DWI has not been used routinely for liver imaging as its implementation in the abdomen is challenging. Technological advancements such as parallel imaging, improvements in receiver coils and gradients technology, as well as echo-planar imaging together, enable high quality DWI images of the liver to be obtained using single-shot breath-hold acquisitions [17]. Nasu et al. [8] showed that by applying such a technique, DWI (Az = 0.90) was superior to SPIO-enhanced MR imaging (Az = 0.81) for detecting liver metastases on a per-lesion basis averaged across three observers. Recently, it has been shown that DWI performed after the administration SPIO can also improve lesion detection by suppression of the liver signal [18].

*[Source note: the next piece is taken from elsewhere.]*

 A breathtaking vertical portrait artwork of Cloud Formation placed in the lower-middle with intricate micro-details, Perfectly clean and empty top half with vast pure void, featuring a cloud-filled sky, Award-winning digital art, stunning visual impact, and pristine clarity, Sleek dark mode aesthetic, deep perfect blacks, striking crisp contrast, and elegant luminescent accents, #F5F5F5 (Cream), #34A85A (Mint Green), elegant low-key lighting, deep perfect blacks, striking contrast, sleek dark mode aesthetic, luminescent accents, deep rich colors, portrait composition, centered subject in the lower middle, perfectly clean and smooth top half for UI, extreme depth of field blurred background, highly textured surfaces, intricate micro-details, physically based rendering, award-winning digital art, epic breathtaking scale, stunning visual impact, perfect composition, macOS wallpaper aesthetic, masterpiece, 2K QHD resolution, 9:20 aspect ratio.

In our study, the diagnostic accuracy using the DWI image set was good, but was better for observer 2 compared with observer 1 (Az = 0.90 versus Az = 0.83, p = 0.04). This difference was most likely related to observer experience, which has been shown to affect diagnostic performance. Observer 2 was more experienced in reviewing DWI images compared with observer 1. DWI images are sensitive to motion, susceptibility and ghosting artefacts, which can obscure lesions and confound interpretation. Thus, experience and patience are needed to build confidence in recognizing abnormalities when reviewing large numbers of DWI images. Because artifacts from one directional image may propagate into the calculated trace or index image, lesions can be missed if only the trace images are reviewed.

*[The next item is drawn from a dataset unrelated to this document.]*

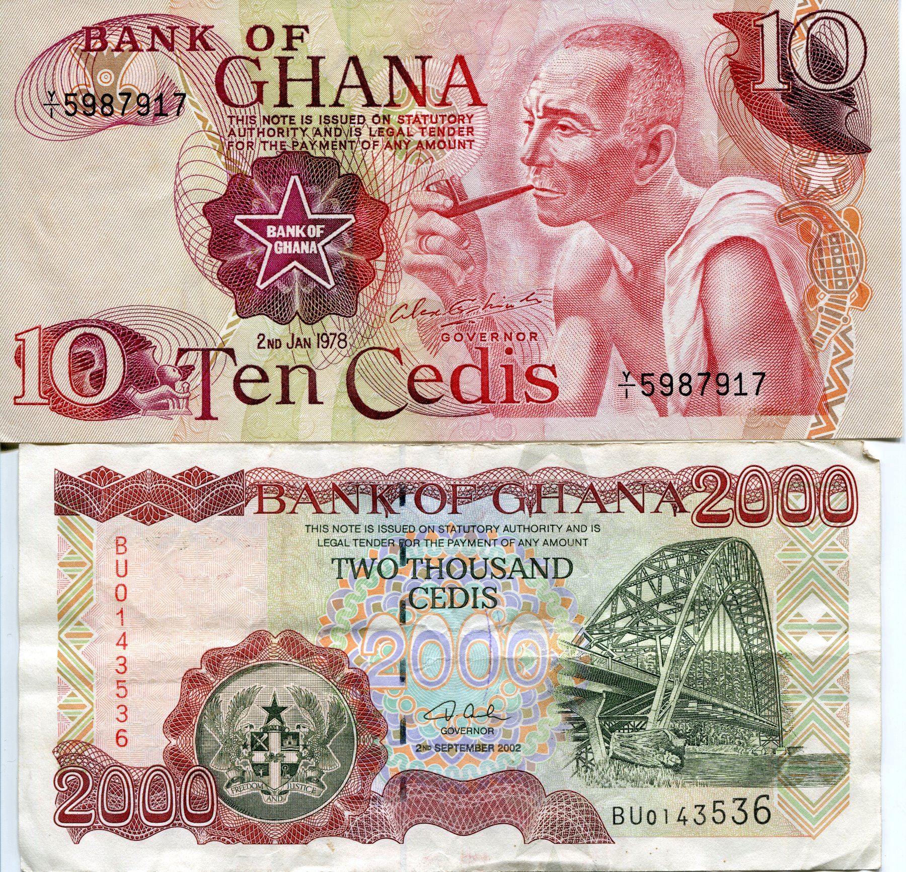 GHANA 2 NOTES 10 - 1978 & 2000 (2002) CEDIS

Our study also revealed that missed or misclassified lesions at MnDPDP MR imaging and DWI were often ≤1 cm in size and found adjacent to intra-hepatic blood vessels. At MnDPDP MR imaging, both blood vessels and metastases appear hypointense on T1-weighted imaging, and small metastases may be mistaken for blood vessels. Hence, the radiologist should be careful in surveying areas adjacent to blood vessels when applying this technique. Using breath-hold DWI, artefacts arising from cardiac motion or susceptibility effects can obscure lesions, particularly over the left lobe of the liver [8]. When this occurs, small lesions adjacent to blood vessels are also more easily overlooked on the unenhanced T1- and T2-weighted images. Acquisition techniques that increase signal-to-noise and decrease artefacts (e.g. free breathing and navigator-controlled acquisition) can improve the quality of DWI and should be investigated in future studies.

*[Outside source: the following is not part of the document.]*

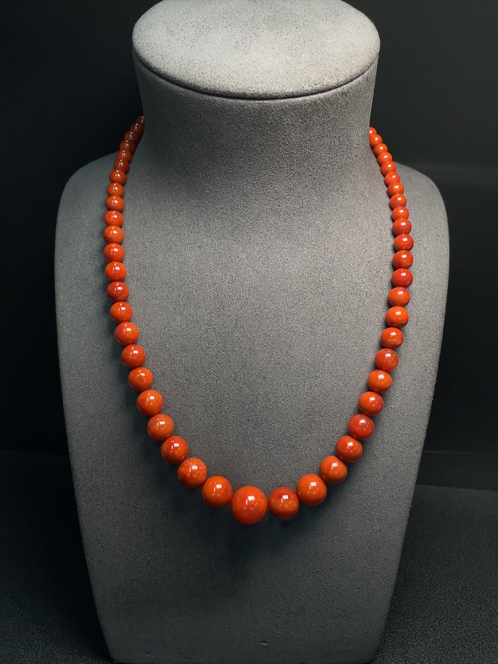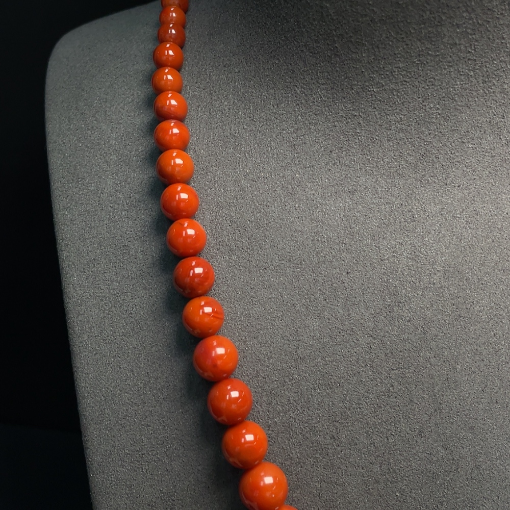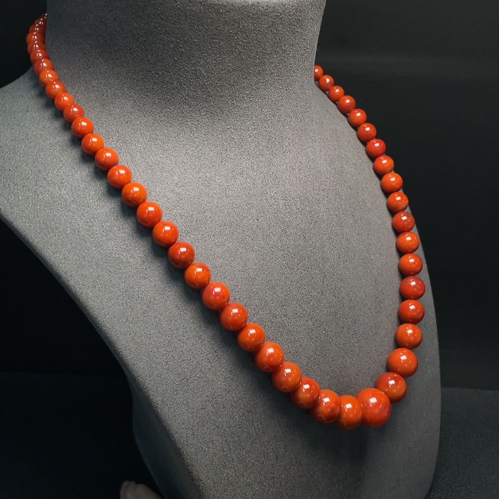 South Red Agate Bead Necklace with Visible Organic Matter, Total Weight Approximately 53.62g, Bead Size 5.3-14.1mm, Non-Gold

There were several limitations to our study. Firstly, the study was conducted in a highly selected population of patients with colorectal cancer with a high pre-test probability of detecting metastases. Thus, it is unclear as to what degree the current findings can be generalized to the wider population or to patients with other types of cancers. Secondly, the DWI and MnDPDP MR images were assessed in combination with the unenhanced T1-/T2-weighted images. As such, the diagnostic effects of DWI and MnDPDP MR imaging alone could not be isolated. However, the image sets reflect clinical practice where several imaging sequences are usually combined for diagnostic evaluation. Thirdly, it was not possible fully to test the ability of DWI to characterize lesions detected since almost all benign lesions in our study group were cysts. This may have introduced bias in the results. Fourthly, we only evaluated the native DWI images and did not review the ADC maps in this study. However, ADC maps are usually noisier, and it is doubtful that reviewing these would improve lesion detection, although it is possible that ADC maps may help in lesion characterization in future studies.

Conclusions

In patients with colorectal hepatic metastases, the combination of MnDPDP MR imaging and DWI improved the diagnostic accuracy and can increase sensitivity without loss in specificity, compared with either technique alone.